Auto-compaction is now the default everywhere it’s offered; the axis that still separates the tools is control — whether you can see the window filling, steer what the summary keeps, and turn the automation off. The terminal CLIs expose the most knobs; the IDE tools manage it for you with the fewest. Verify tool-specific flags against the upstream docs below before relying on them — these settings move between releases.

Name collisions

Compact vs clear vs new. “Compact” summarises and keeps a thread going; “clear” / “new” abandons the thread for a fresh window.

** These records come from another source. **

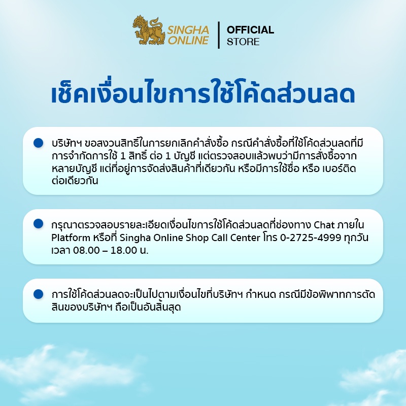 • กรุณาตรวจสอบรายละเอียดเงื่อนไขการใช้โค้ดส่วนลดที่ช่องทาง Chat ภายใน Platform หรือที่ Singha Online Shop Call Center โทร 0-2725-4999 ทุกวัน เวลา
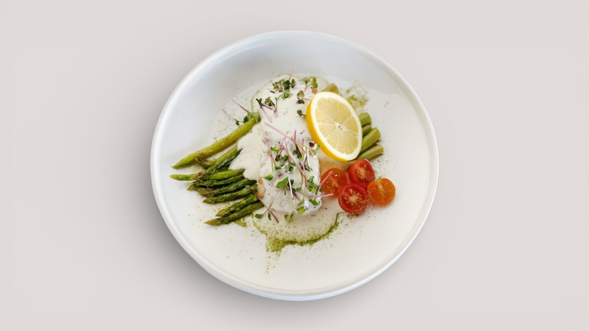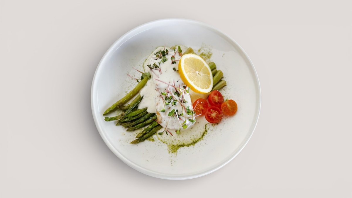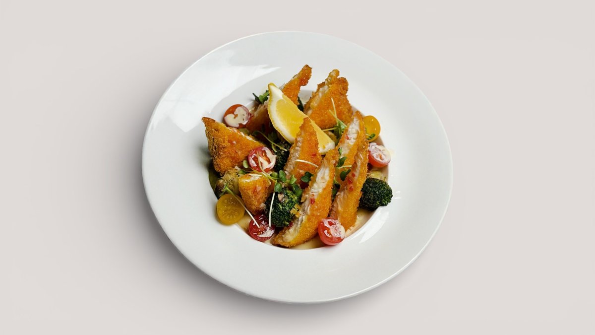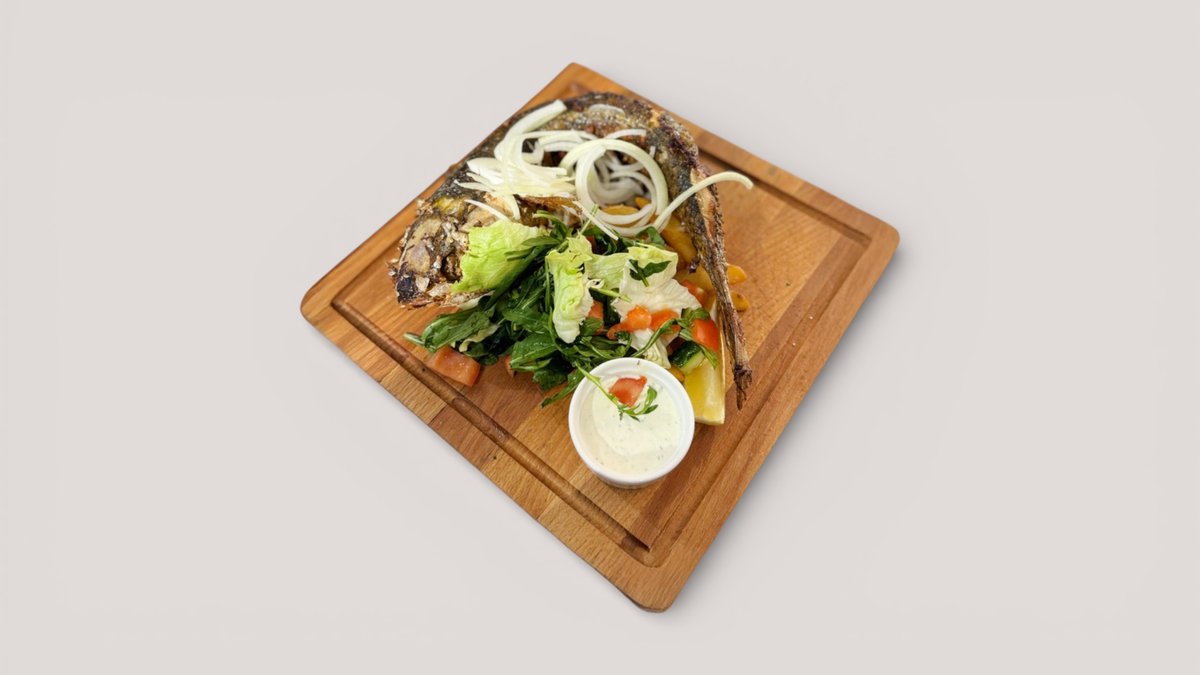Кефаль жареная целиком с картофелем по-деревенски и свежим салатом, с соусом тартар
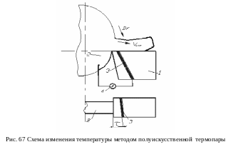 Полуискусственной называется термопара, один из элементов которой естественно присутствует в процессе резания, а другой искусственно вводится или в инструмент или заготовку для измерения температуры. Данной термопарой можно получать температурные поля в режущем клине инструмента, определять локальные и контактные температуры (температуры на передней и задней поверхностях).
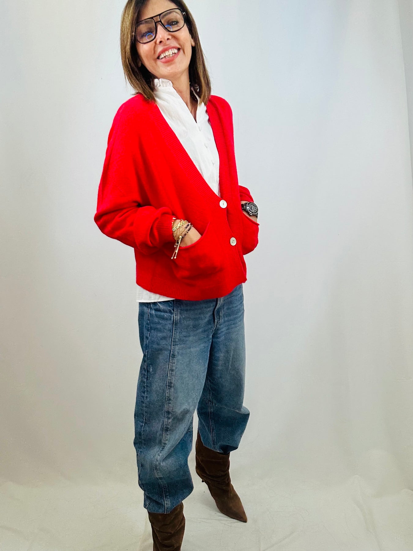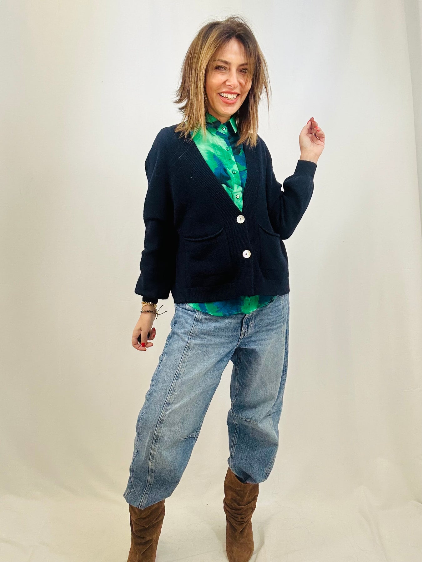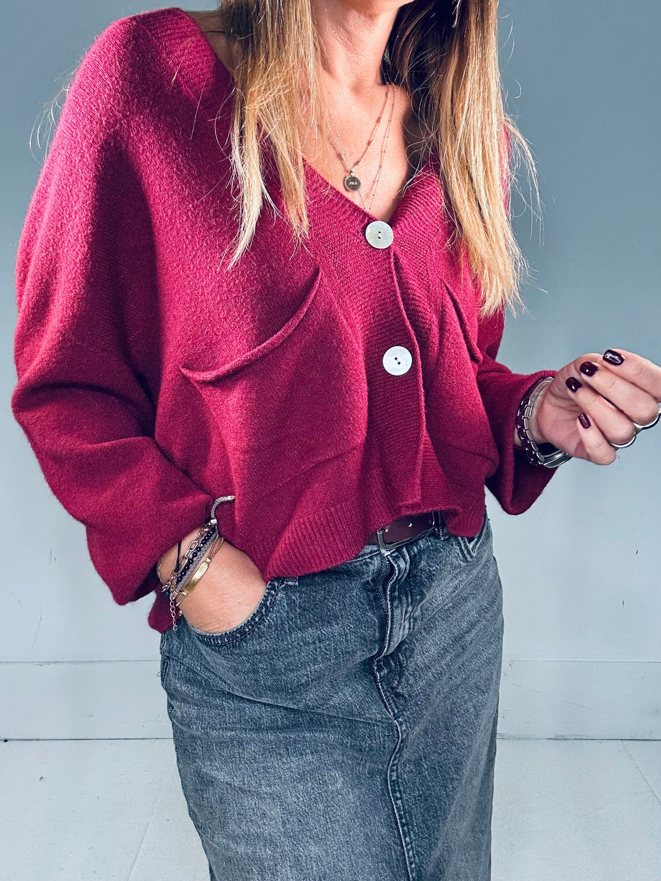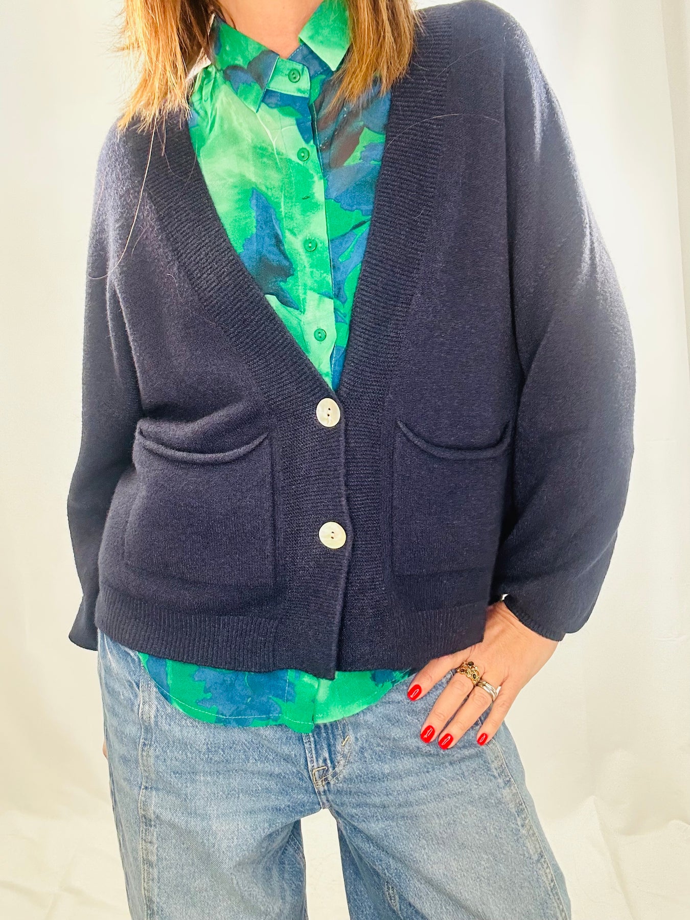 Effortless layering meets lightweight comfort in our soft fine-knit relaxed cardigan – your perfect layering piece.

In Codex, /new starts a fresh conversation inside the same CLI process while /clear resets both the view and the conversation — neither is /compact.
“Summarize” vs “compact”. Cursor and Copilot surface the behaviour as “summarising conversation history”; the terminal tools call the same operation “compaction.” Same mechanism, different label.

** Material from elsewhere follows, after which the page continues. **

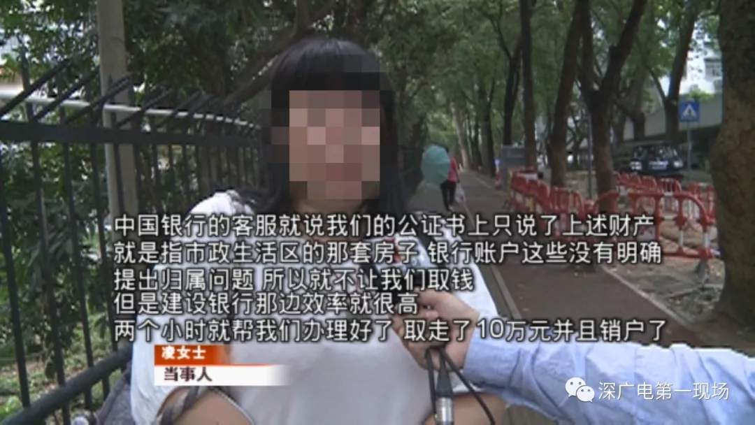 建設(shè)銀行賬戶的10萬元,凌女士和婆婆周女士拿著相關(guān)資料,順利取款并做了銷戶處理。但是她們?nèi)サ街袊y行福田支行時,卻被銀行柜臺以公證書中未明確銀行賬戶歸屬為由,拒絕辦理取款銷戶業(yè)務(wù)。
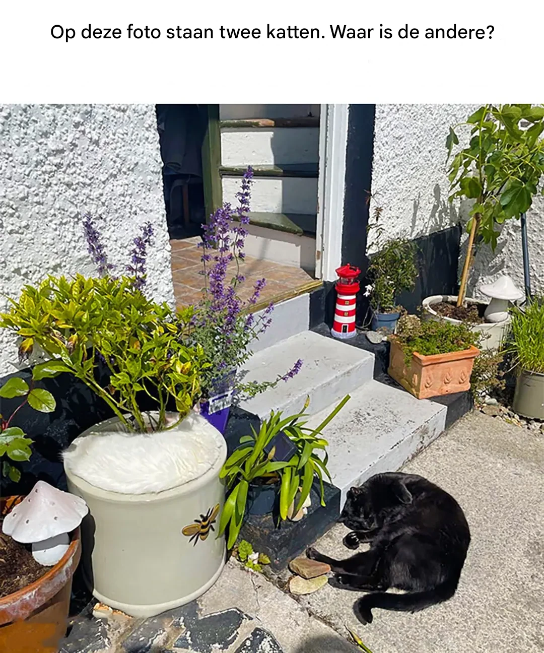 De afgelopen weken circuleert er online een simpele foto die meteen de aandacht trekt: een zwarte kat die vredig in de zon ligt te rusten, klassieker kan het niet. Maar het onderschrift vermeldt twee katten. De nieuwsgierigheid is direct gewekt: waar verstopt de tweede zich? Dit soort visuele mysterie is aantrekkelijk omdat het onze speelse geest prikkelt. We zoomen in en onderzoeken elk hoekje en gaatje alsof we op zoek zijn naar een vergeten schat op zolder. En geef toe: als we denken iets gevonden te hebben, is de voldoening bijna net zo groot als het perfect uitvoeren van een recept in één keer.

“Session” is overloaded. In how agents work a session is one run of the loop with one window. opencode also has an opencode session CLI noun and /share-able sessions; don’t read the CLI sense as a different concept.
Compaction vs memory. Compaction works within a session to fit the window. Agent-managed memory persists facts across sessions and is a separate primitive (deferred; distinct from rules). Resuming a session is not the same as the agent remembering it.